Malcolm Street — 2 November 2016

In some ways, the northern coast of New South Wales is overshadowed by the glamour of Queensland’s Gold and Sunshine coasts, but I suspected the area had plenty to offer. In order to confirm my suspicions, I borrowed an Integrity Lite Supreme motorhome from Paradise Motor Homes and spent several days travelling north from The Entrance to Tweed Heads, enjoying the sights along the way.


For no reason other than I have not been there for at least 20 years, I started my travels at The Entrance on the New South Wales central coast. The last time I was there, it was a pretty tired-looking town but I am pleased to report that has changed. I had a pleasant time enjoying a coffee by the water while watching the pelicans roosting on a sandbar.

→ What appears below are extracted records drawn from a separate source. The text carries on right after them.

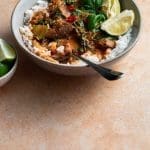 Serveer met gekookte rijst, verse basilicum en eventueel wat chilipeper en limoen als garnering. Wil je meer groenten toevoegen, dan zou ik er gekookte peultjes of sugarsnaps bij doen.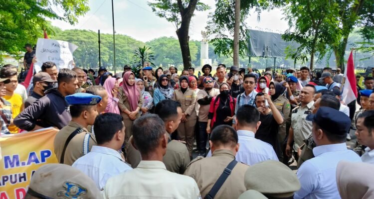 Stabat – Ratusan massa menggelar aksi protes di Kantor Bupati Langkat, Rabu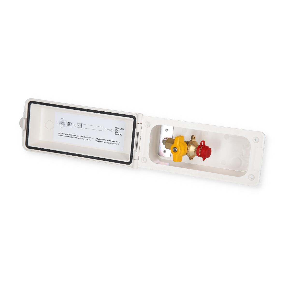 Versorgungsklappen für den zusätzlichen Anschluss von Gasgeräten, z. B. Kocher, Grill, Leuchten … oder Wasser. Öffnen des Ventils nur bei angeschlossener Schlauchleitung möglich. Für Ausschnitt 155 x 65 mm. Gasanschluss SKU x RST 8 mm.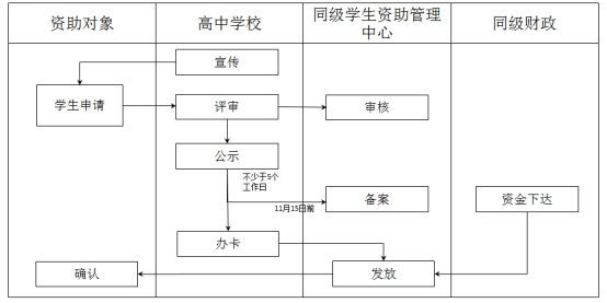 每学年开学一周内,学校应利用班会、校会等多种形式,宣传资助政策和国家助学金申请、审批、发放流程。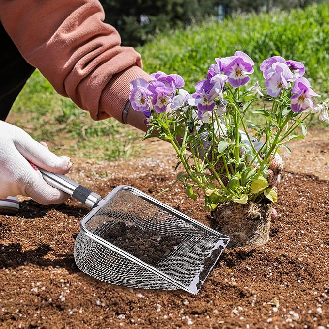 - Utility design:Garden mesh sieve shovel has a hanging loop for easy storage after your use. The handle is ergonomically designed to be easier to use than traditional round sifters, ensuring a more comfortable experience for you.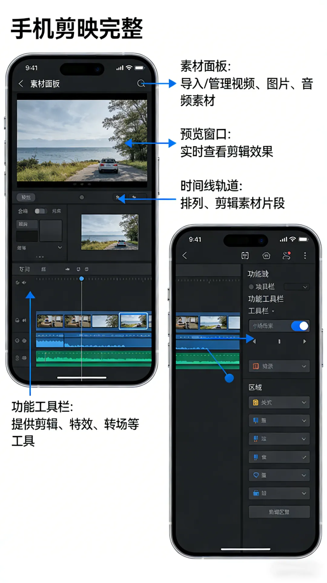 第四个核心区域是功能工具栏,它位于界面的底部,包含了我们剪辑时最常用的所有工具,比如裁剪、分割、转场、字幕、滤镜、音频等。功能工具栏的按钮会根据我们选中的素材类型自动调整,比如选中视频素材时,会显示分割、裁剪、变速等工具;选中音频素材时,会显示音量、降噪、淡入淡出等工具,新手不用记住所有工具的功能,初期重点掌握3个最常用的工具即可:分割、裁剪、删除。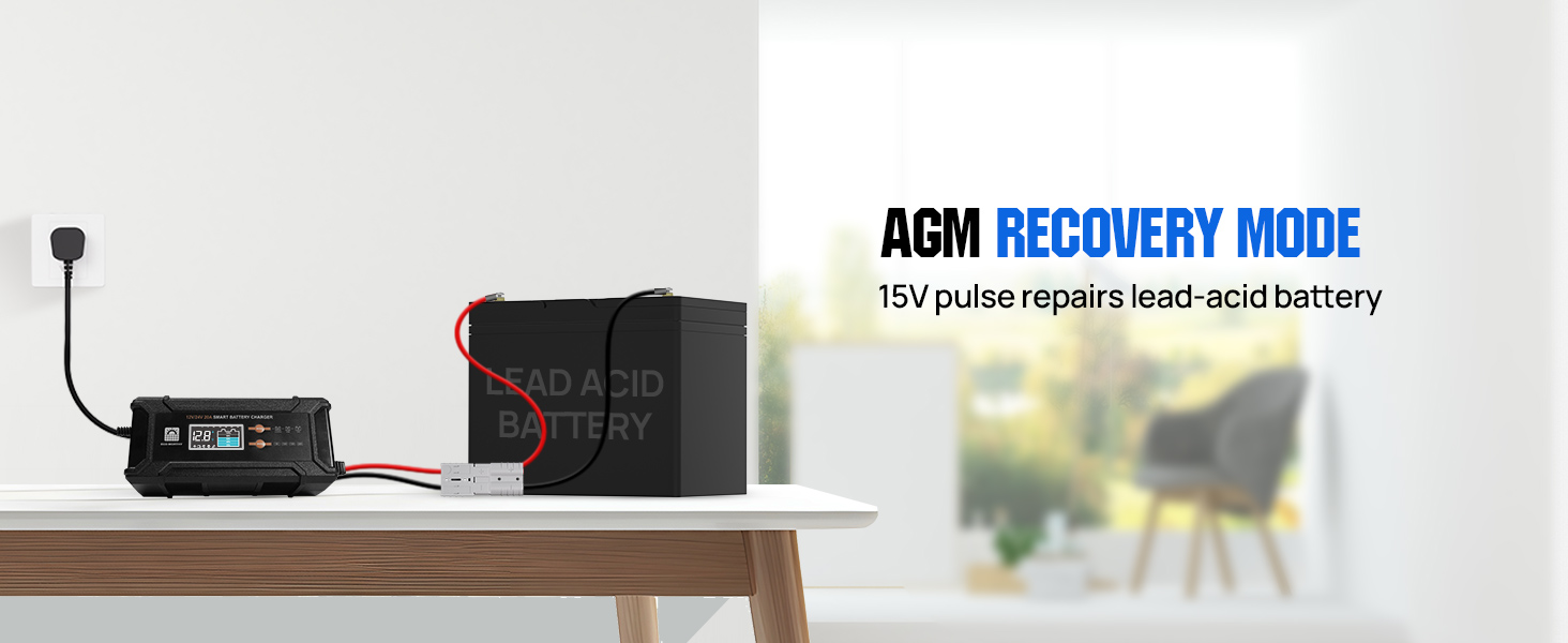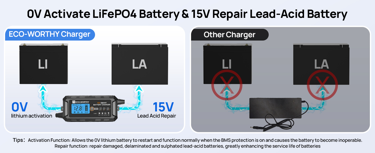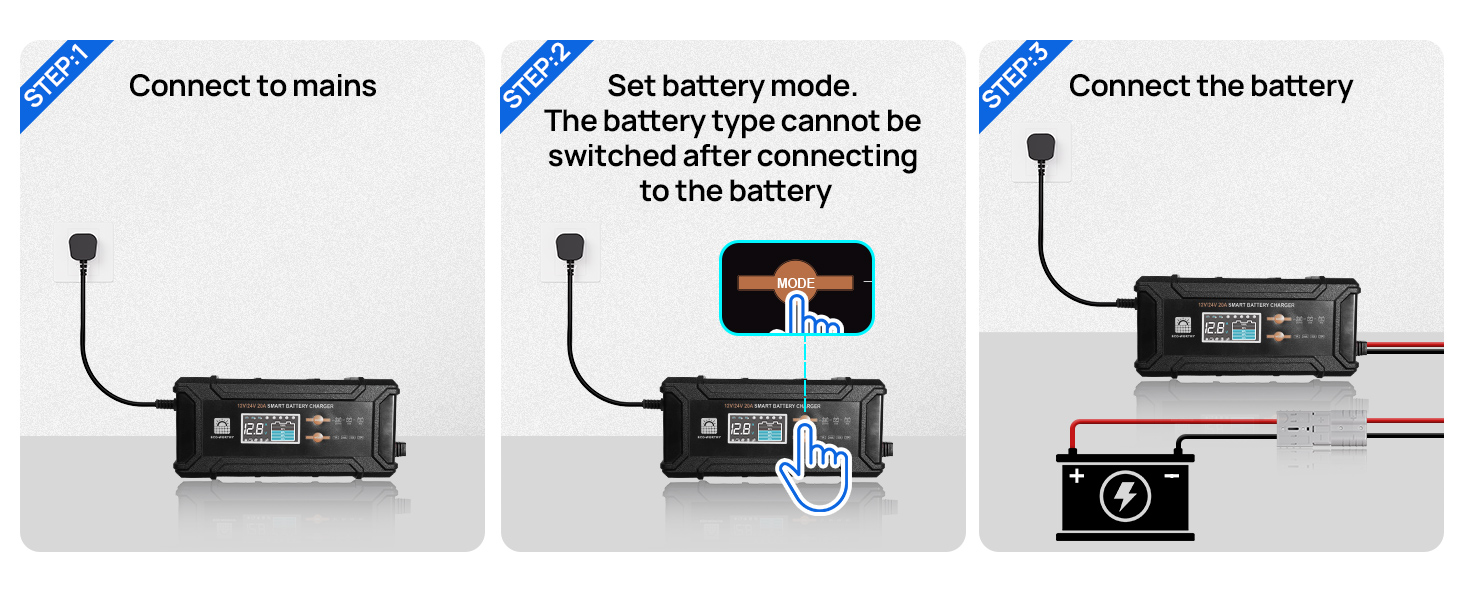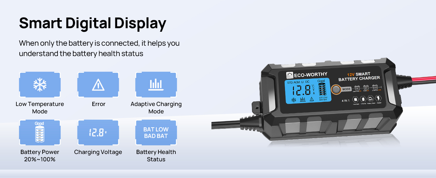 The ECO-WORTHY 5A/10A lithium battery charger has LCD smart display.Hold the MODE button for 3~5S, the charger will be in DC adapter mode, supplying 120W output(12Vdc&5A/10A) with LCD showing DC.

As anyone familiar with this area will know, there’s a special area devoted to pelican feeding, which happens at 3.30pm every day and draws quite a crowd!

The Entrance is quite busy with limited RV parking, but for those wanting to park close to town, there are some quieter areas just over the bridge.

Heading north, I made my way through the central coast towns of Toukley, Budgewoi and Lake Munmorah and up the eastern side of Lake Macquarie. There are about four lakes quite close together here, so boating and fishing are popular activities. Aside from tourist attractions, the Belmont area has a number of RV dealers in the immediate vicinity, so it’s possible to check out the latest and greatest while you’re in the area.


Back on the motorway, a nice little diversion just north of Newcastle is into the Nelson Bay area on the south side of Port Stephens and then to Tea Gardens and Hawkes Nest to the north. It’s a charming area if you have a week to spare. Not so in my case, unfortunately!

My next little side trip was along the aptly named Lakes Way, which passes the Myall, Smiths and Wallis lakes, following a skinny peninsula through the Booti Booti National Park (NP) to Forster. There are lots of beaches and opportunities for bushwalking in the national parks around here. Keen photographers will find plenty of nice scenery, too, especially around the lakes, which are particularly lovely during the magic hours of the early morning and late afternoon/evening.


After having delayed too long over lunch, I was late arriving at my overnight stop at the Discovery Parks - Emerald Beach. The closing time was 6pm but a quick phone call ensured a key and boom gate access was left out for me. Some careful manoeuvering is required to get across a bridge and through the boom gate but, once through, it’s a great caravan park.

The park is right next to the beach, although it isn’t immediately obvious as there’s a screen of trees separating it. It was a great spot for an early morning walk and I made friends with the resident kangaroo along the way.


Not long after Emerald Beach, the Pacific Highway swings inland through Grafton (known for its jacaranda trees), then back toward the coast where the Clarence River meets the sea, bookended by the towns of Iluka and Yamba. This is the start of the aptly named Northern Rivers area and a bit further north, the construction zone that the Pacific Highway currently seems to be morphs into the Pacific Motorway.


From Byron Bay, it’s a quick zoom to the border towns of Tweed Heads and Coolangatta. This is a busy area, but if you fancy something a little quieter there are a few caravan parks along the coastal road between Kingscliff and Pottsville to the south. One of my favourites is the BIG4 North Star at Hastings Point. It has all the usual facilities but there’s also a fascinating Marine Environment Museum and if you have ever dreamed of running a caravan park, proprietor Ian Beadel runs a fully-accredited caravan park training school.

The Tweed Heads Border Monument marked the end of my north coast travels and after my trip I decided that you could take two days, two months or two years and you still would not be able to see everything this area has to offer!